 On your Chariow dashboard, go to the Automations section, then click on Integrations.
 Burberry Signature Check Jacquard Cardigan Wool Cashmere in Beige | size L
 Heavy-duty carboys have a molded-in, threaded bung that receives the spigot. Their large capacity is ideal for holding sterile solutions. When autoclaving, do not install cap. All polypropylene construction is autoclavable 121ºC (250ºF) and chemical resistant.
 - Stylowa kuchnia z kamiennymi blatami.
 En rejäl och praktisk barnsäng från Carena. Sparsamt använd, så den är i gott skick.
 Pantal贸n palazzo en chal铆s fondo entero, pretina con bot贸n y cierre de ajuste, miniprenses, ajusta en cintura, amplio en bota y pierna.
---
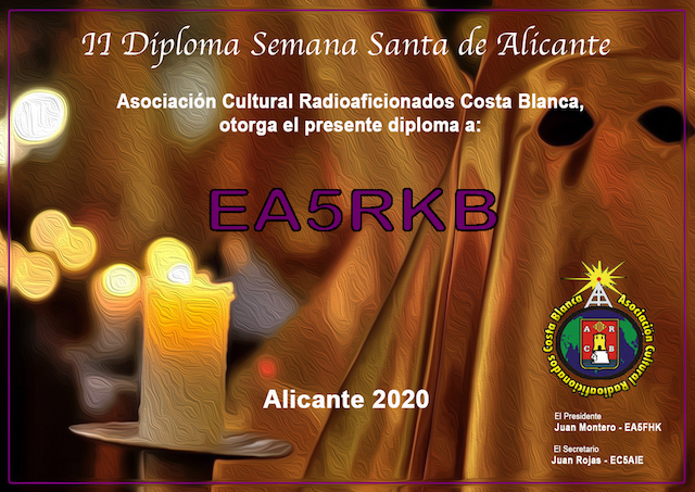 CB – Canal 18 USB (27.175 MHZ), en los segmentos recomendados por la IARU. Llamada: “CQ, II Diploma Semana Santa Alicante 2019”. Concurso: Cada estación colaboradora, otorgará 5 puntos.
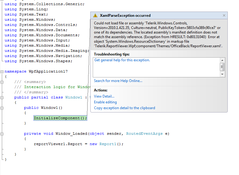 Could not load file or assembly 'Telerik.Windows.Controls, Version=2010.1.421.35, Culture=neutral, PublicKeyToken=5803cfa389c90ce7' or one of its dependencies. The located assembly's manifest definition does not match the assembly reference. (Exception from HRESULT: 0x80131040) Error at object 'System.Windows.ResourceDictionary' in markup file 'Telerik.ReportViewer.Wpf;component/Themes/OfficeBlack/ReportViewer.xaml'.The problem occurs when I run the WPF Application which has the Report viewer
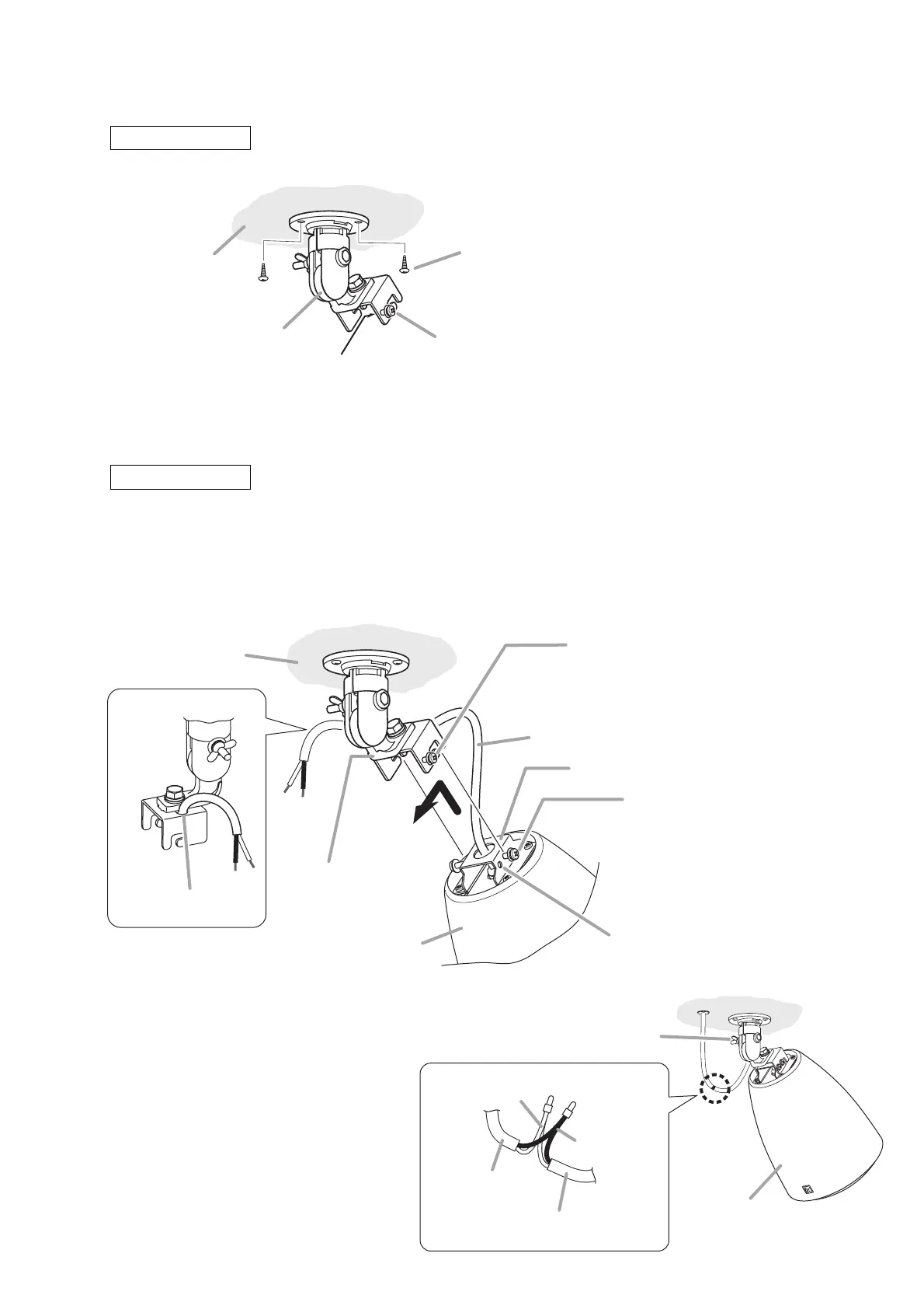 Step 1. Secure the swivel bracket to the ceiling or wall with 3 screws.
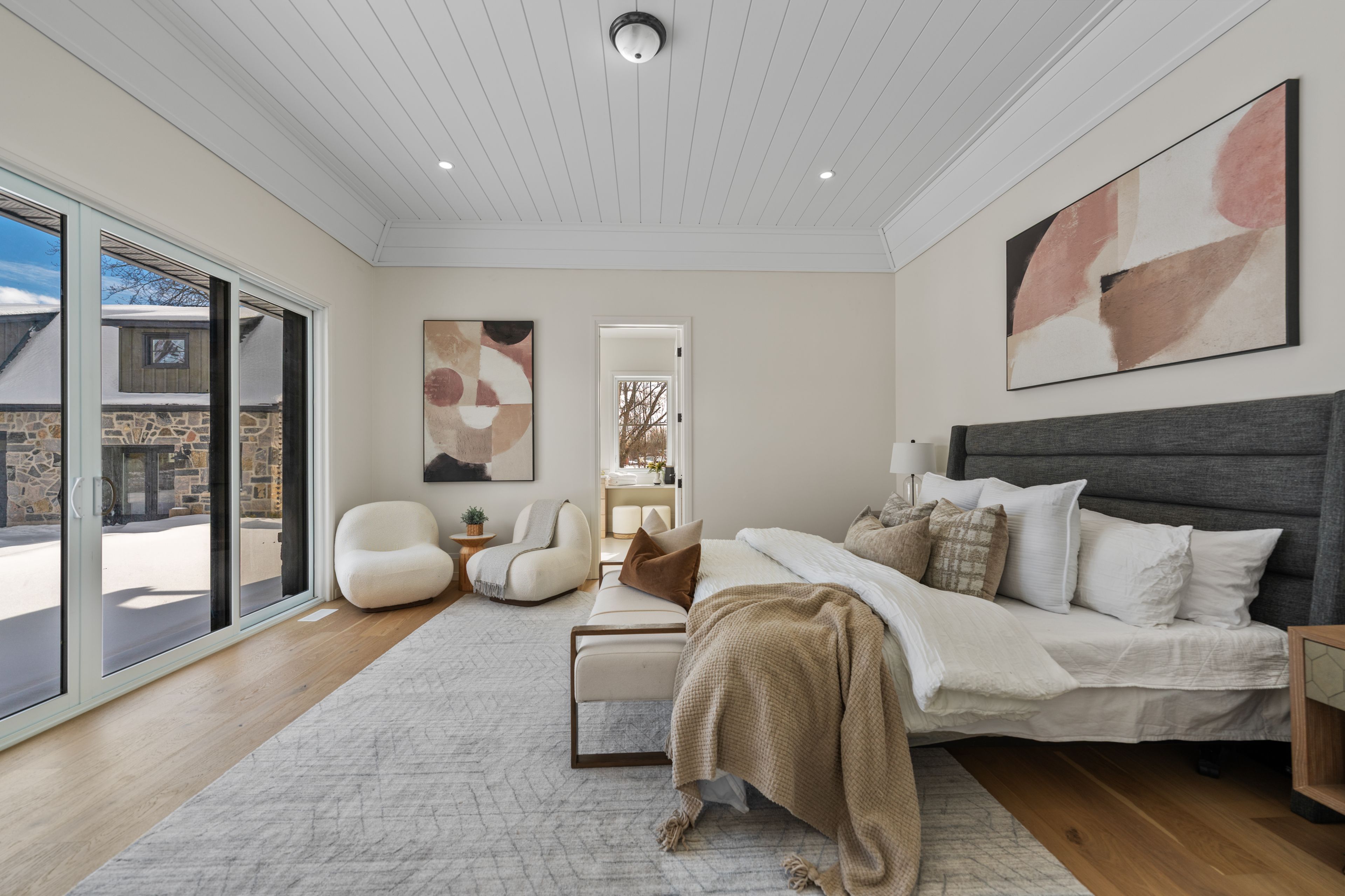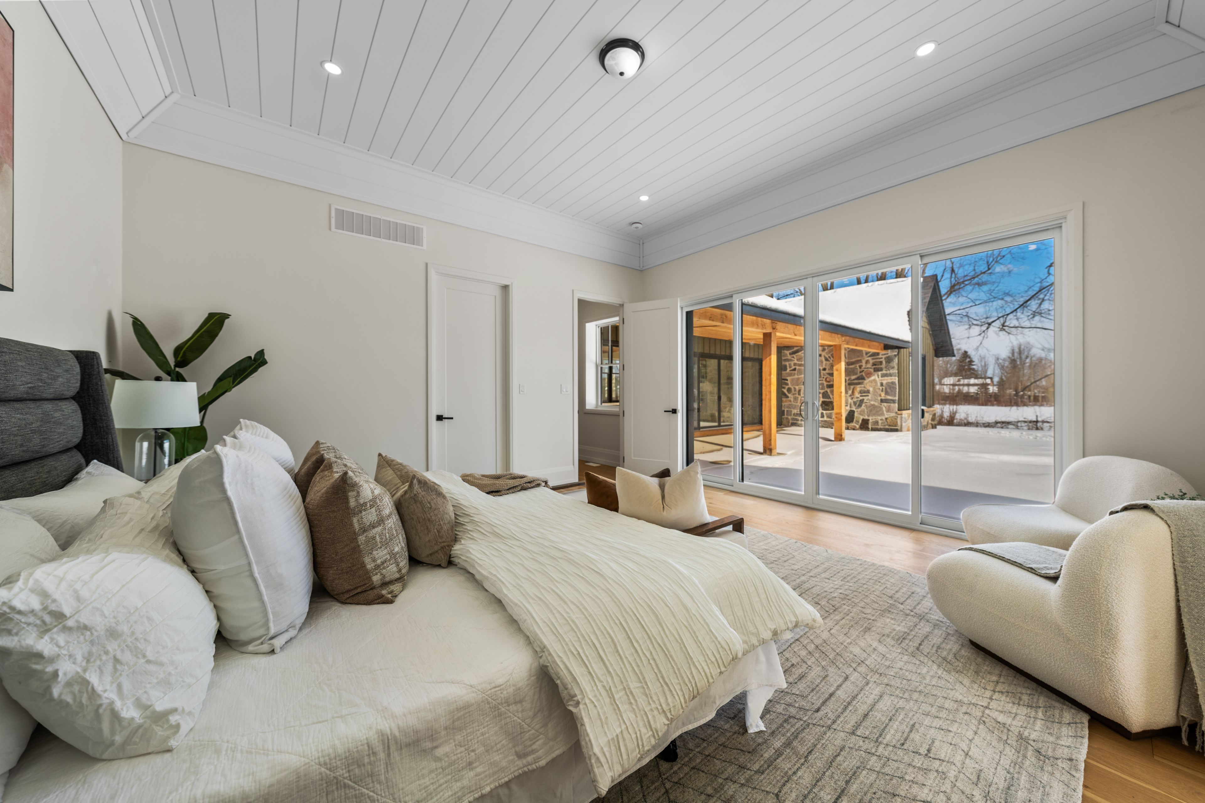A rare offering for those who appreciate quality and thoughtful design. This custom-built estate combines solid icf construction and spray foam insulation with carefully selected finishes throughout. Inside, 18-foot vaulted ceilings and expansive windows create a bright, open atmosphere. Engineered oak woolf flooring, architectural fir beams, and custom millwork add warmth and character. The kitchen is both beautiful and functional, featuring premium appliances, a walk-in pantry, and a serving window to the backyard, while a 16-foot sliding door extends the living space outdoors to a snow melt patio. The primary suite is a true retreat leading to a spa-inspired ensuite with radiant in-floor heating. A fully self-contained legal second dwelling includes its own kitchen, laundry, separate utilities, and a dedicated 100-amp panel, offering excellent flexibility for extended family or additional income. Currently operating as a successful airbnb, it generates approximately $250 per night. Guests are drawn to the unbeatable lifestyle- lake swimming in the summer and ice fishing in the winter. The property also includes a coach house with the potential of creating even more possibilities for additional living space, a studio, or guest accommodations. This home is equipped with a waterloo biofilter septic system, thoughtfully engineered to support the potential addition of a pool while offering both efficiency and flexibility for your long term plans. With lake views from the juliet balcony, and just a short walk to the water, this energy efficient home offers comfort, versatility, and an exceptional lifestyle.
--
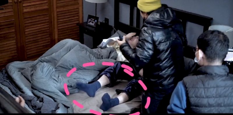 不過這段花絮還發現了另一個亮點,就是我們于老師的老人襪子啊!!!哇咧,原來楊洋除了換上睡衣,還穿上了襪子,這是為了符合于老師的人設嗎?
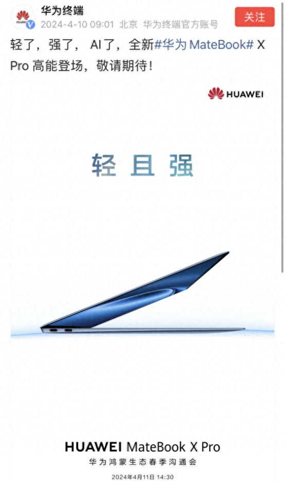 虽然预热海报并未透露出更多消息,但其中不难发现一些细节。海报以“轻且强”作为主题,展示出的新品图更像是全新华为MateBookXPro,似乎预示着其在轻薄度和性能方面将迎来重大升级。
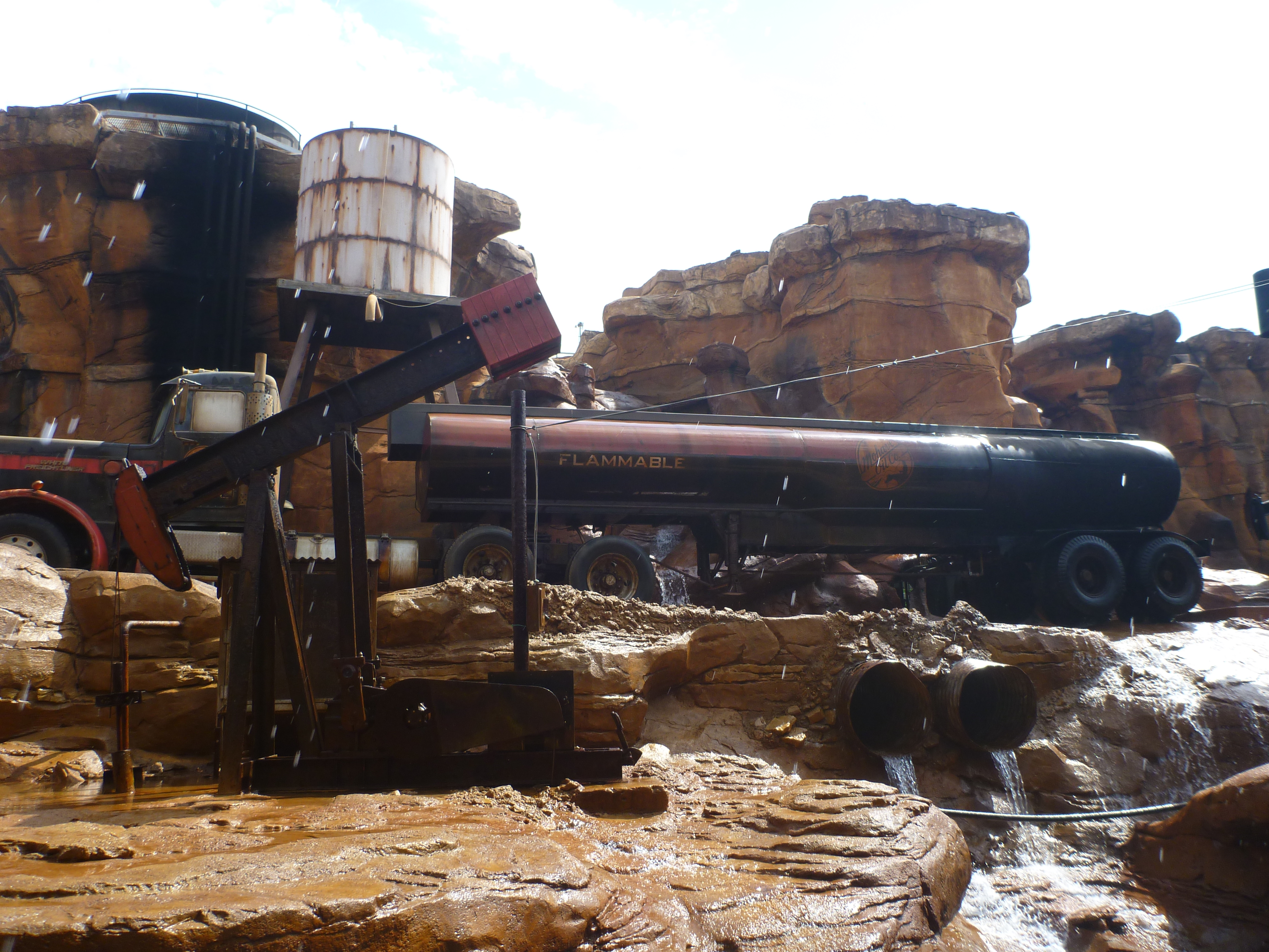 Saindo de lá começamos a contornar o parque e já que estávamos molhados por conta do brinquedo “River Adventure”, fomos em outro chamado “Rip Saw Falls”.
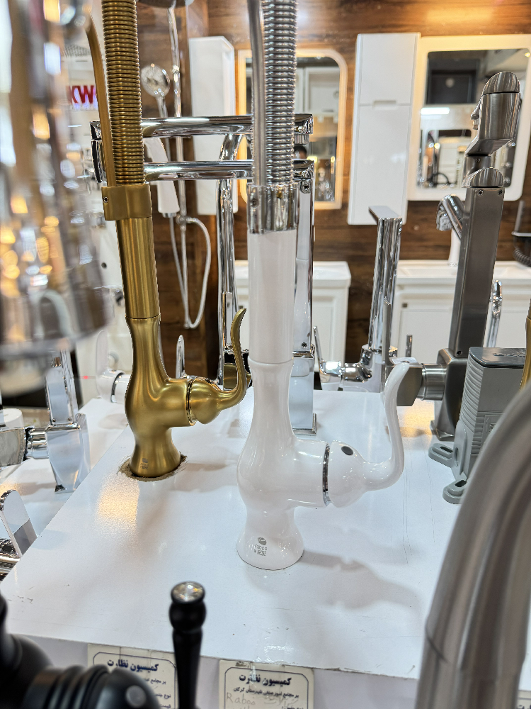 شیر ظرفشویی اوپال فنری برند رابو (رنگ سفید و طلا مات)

Exercise goal:
Beginning with the line that has "- Stylowa kuchnia z kamiennymi blatami." and ending with the line that has "Pantal贸n palazzo en", set down the lines above exactly and include no others.

Written answer:
 - Stylowa kuchnia z kamiennymi blatami.
 En rejäl och praktisk barnsäng från Carena. Sparsamt använd, så den är i gott skick.
 Pantal贸n palazzo en chal铆s fondo entero, pretina con bot贸n y cierre de ajuste, miniprenses, ajusta en cintura, amplio en bota y pierna.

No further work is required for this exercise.